Record excerpts:
_____
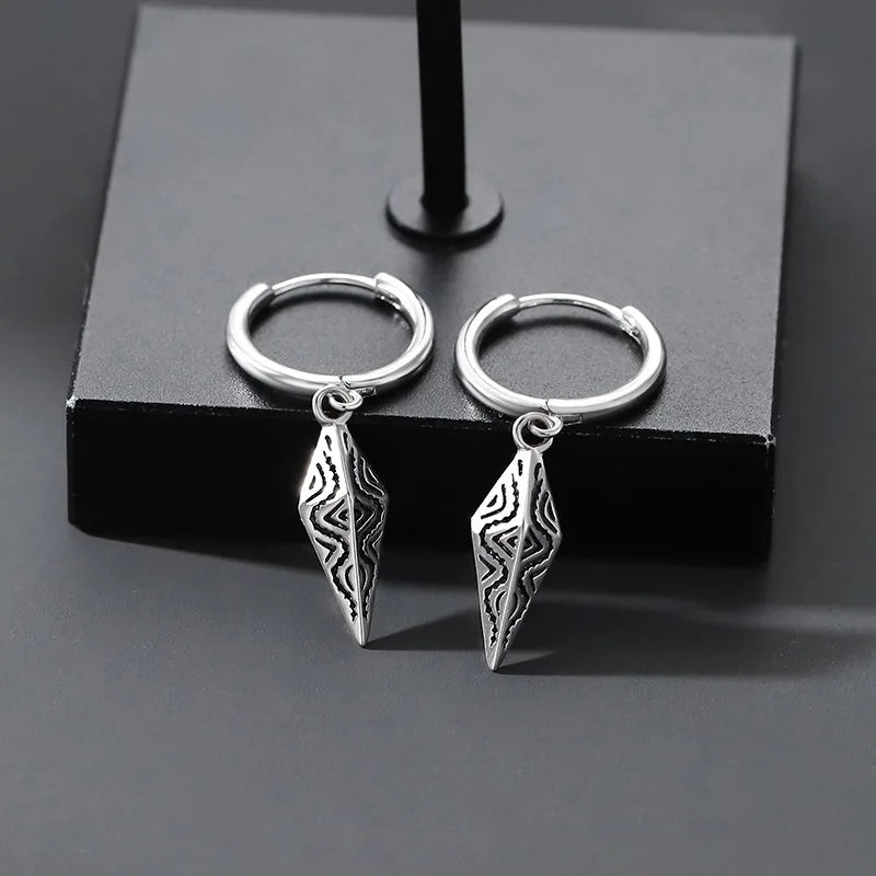 These hot silver retro ethnic diamond pendant earrings are suitable for both men and women.
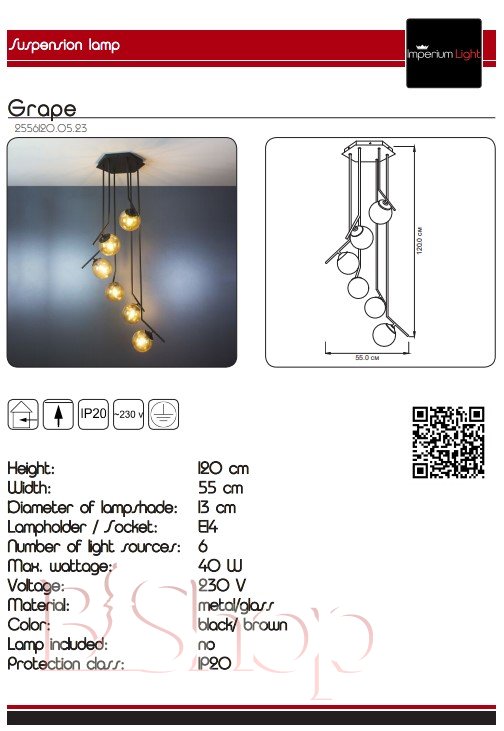 Кількість ламп: 6. Тип цоколя: E14. Висота (див): 120. Ширина (див): 55. Потужність лампи (Вт): 40.
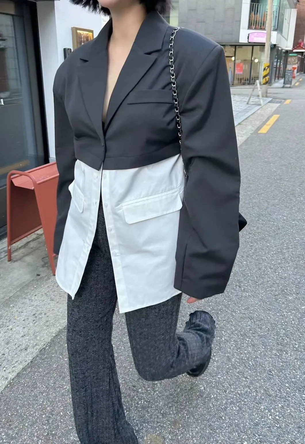 DC128特價拼接西裝外套 灰 黑 原價$1980 特價$1299
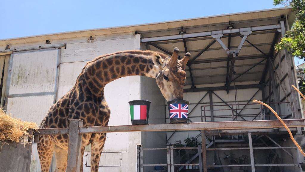 שלי, ג'ירף אפריקני בן 15, לא מתיימר להיות פול התמנון, אבל את תוצאות משחק גמר היורו שיתקיים הערב, המטפלים בספארי החליטו לבחון דרך התיאבון שלו. הם נתנו לו תערובת מזינה בתוך שני דליים שעל כל אחד מהם הודבק דגל של שתי המדינות המתחרות – איטליה ואנגליה.
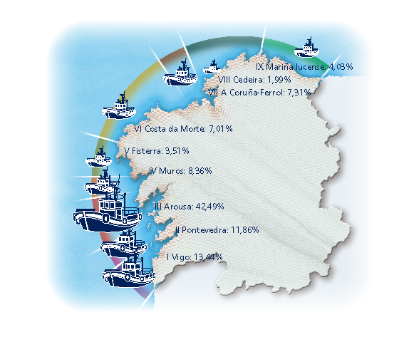 | Zona III - Arousa | 727 | -4,09% | 42,49% | -1,12% | 1.034 | -2,51% | 13.679 | -2,74% |
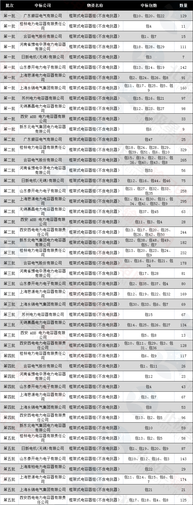 國家電網(wǎng)公司輸變電項(xiàng)目變電設(shè)備前五次框架式電容器組(不含電抗器)中標(biāo)情況
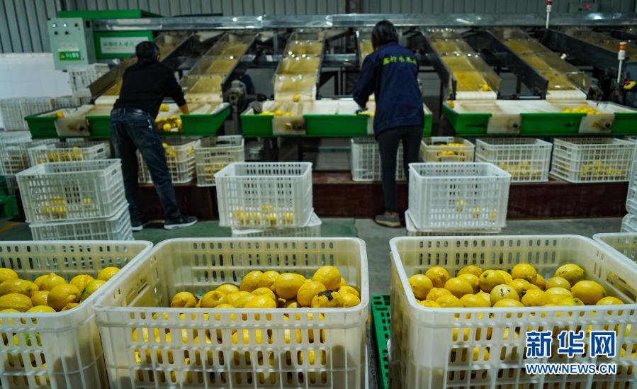 在四川省資陽(yáng)市安岳縣鑫檸樂(lè)果業(yè)有限公司車間,工人通過(guò)生產(chǎn)線分裝檸檬(11月11日攝)。新華社記者 王曦 攝
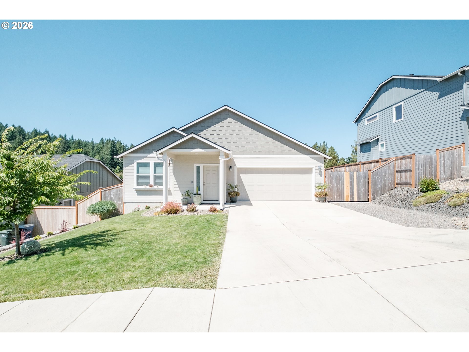 Don’t miss this stunning single-level home in Crestview Estates, just minutes from town and close to both Dexter Lake and Fall Creek Reservoir—perfect for boating, fishing, and weekend escapes. Built in 2022, this home offers modern comfort with thoughtful upgrades throughout, all while providing peaceful country living with a short commute to Springfield or Eugene. Inside, enjoy continuous luxury vinyl plank flooring throughout the home, soft-close cabinets, and a sleek induction range. The open-concept layout is ideal for entertaining, and the custom-built office desk makes working from home a breeze. Every room is wired with Cat 6 outlets for fast, reliable connectivity. Every care was taken into consideration with this home including the garage with its sealed floor, insulated walls and door to maximize comfort and efficiency! Step outside to a large covered patio with an outdoor fan and 220V 50A circuit, ready for your hot tub or sauna. Enjoy unobstructed views of the foothills from your fully landscaped yard with sprinklers. A 10x20 gravel pad provides RV or boat parking. Holiday decorating is easy with pre-wired Christmas light plugs.Located in a quiet, well-kept neighborhood with great views, this home is part of a community served by a highly rated high school. The relaxing drive home is the perfect way to end your day.
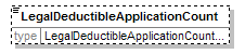 | source | <xsd:element name="LegalDeductibleApplicationCount" type="LegalDeductibleApplicationCounttype" minOccurs="0"/> |
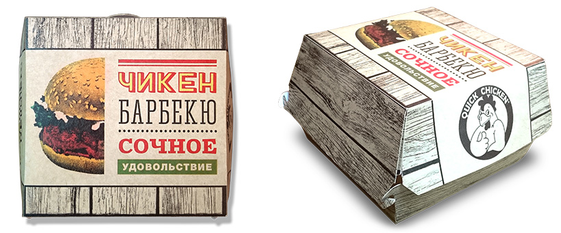 Верхняя часть крышки украшена принтом, состоящим из части изображения бургера и его названия с подкрепляющим слоганом, выполненным в стиле плакатной графики. Изображение самого бургера призвано указывать на содержимое. А каждое слово текста специально оформлено разными цветошрифтовыми решениями. Это сделано для того, чтобы подчеркнуть связь слова с предметом, который оно описывает и самим бургером. Таким образом, слово: «ЧИКЕН», набранное шрифтом желтого цвета с красной окантовкой, символизирует жаренное куриное мясо с корочкой; «БАРБЕКЮ» с тонким шрифтом черного цвета напоминает об углях; «СОЧНОЕ» жирным шрифтом красного цвета обозначает томаты или кетчуп; «УДОВОЛЬСТВИЕ», напечатанное поверх зеленой плашки, вызывает образ свежей зелени.
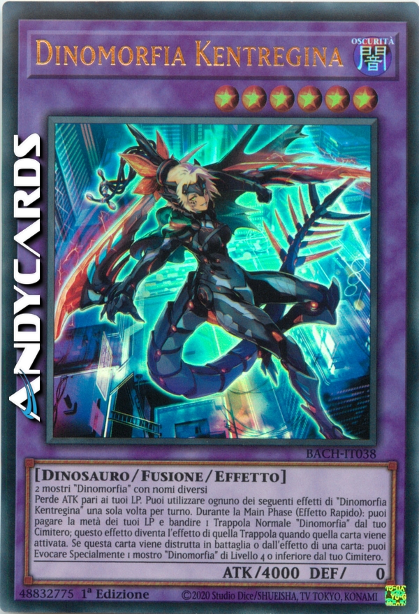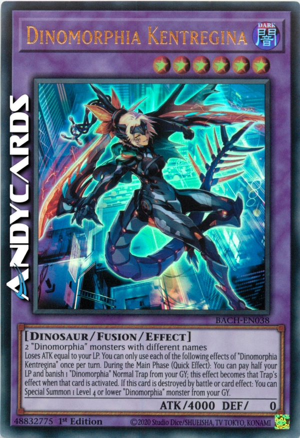 Perde ATK pari ai tuoi LP. Puoi utilizzare ognuno dei seguenti effetti di "Dinomorfia Kentregina" una sola volta per turno. Durante la Main Phase (Effetto Rapido): puoi pagare la metà dei tuoi LP e bandire 1 Trappola Normale "Dinomorfia" dal tuo Cimitero; questo effetto diventa l'effetto di quella Trappola quando quella carta viene attivata. Se questa carta viene distrutta in battaglia o dall'effetto di una carta: puoi Evocare Specialmente 1 mostro "Dinomorfia" di Livello 4 o inferiore dal tuo Cimitero.
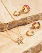 Luxe Tyra Pink Ombre Crystal Gold Ear Cuff
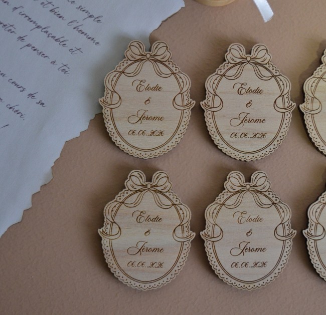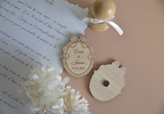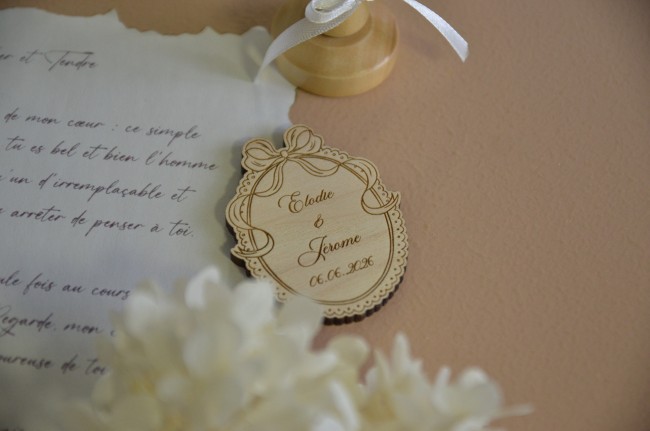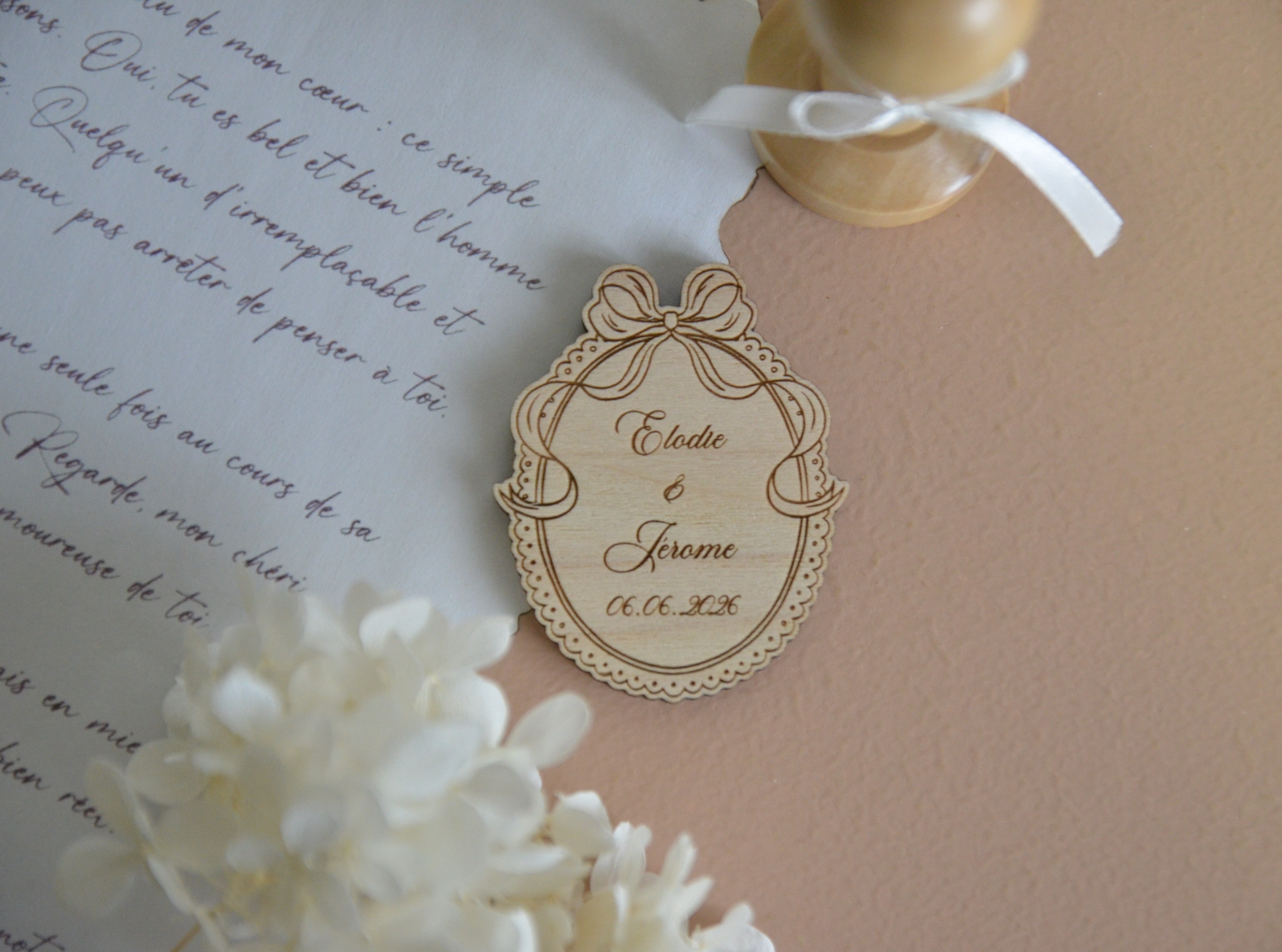 Gravé avec soin dans notre atelier, il devient un véritable souvenir de votre mariage : un objet décoratif que vos proches conserveront longtemps, accroché sur un réfrigérateur ou un support métallique, comme un doux rappel de votre journée.
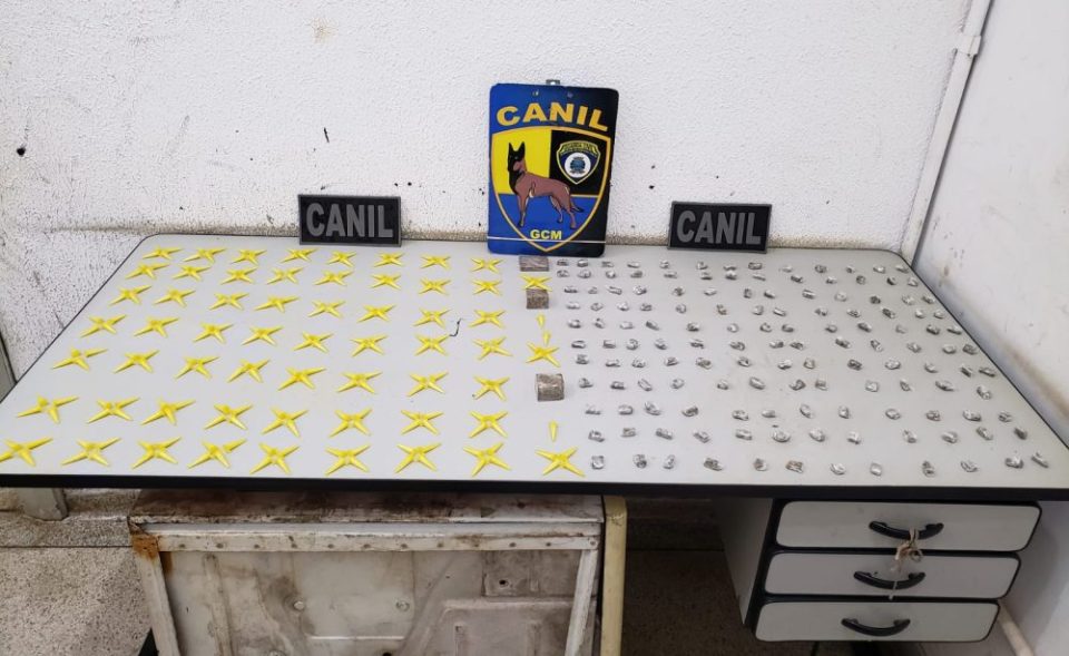Depois, teria saído sem a sacola. Os GCMs foram até o local indicado e, com a ajuda do k-9 (cão farejador) Odin, fizeram buscas no imóvel. A droga foi encontrada escondida debaixo de um vaso sanitário jogado no terreno da casa.
_____
Work request: Here the requirement is to restate exactly the line holding "Gravé avec soin" and every later line through the end of the material, omitting pictures.

Output:
 Gravé avec soin dans notre atelier, il devient un véritable souvenir de votre mariage : un objet décoratif que vos proches conserveront longtemps, accroché sur un réfrigérateur ou un support métallique, comme un doux rappel de votre journée.
Depois, teria saído sem a sacola. Os GCMs foram até o local indicado e, com a ajuda do k-9 (cão farejador) Odin, fizeram buscas no imóvel. A droga foi encontrada escondida debaixo de um vaso sanitário jogado no terreno da casa.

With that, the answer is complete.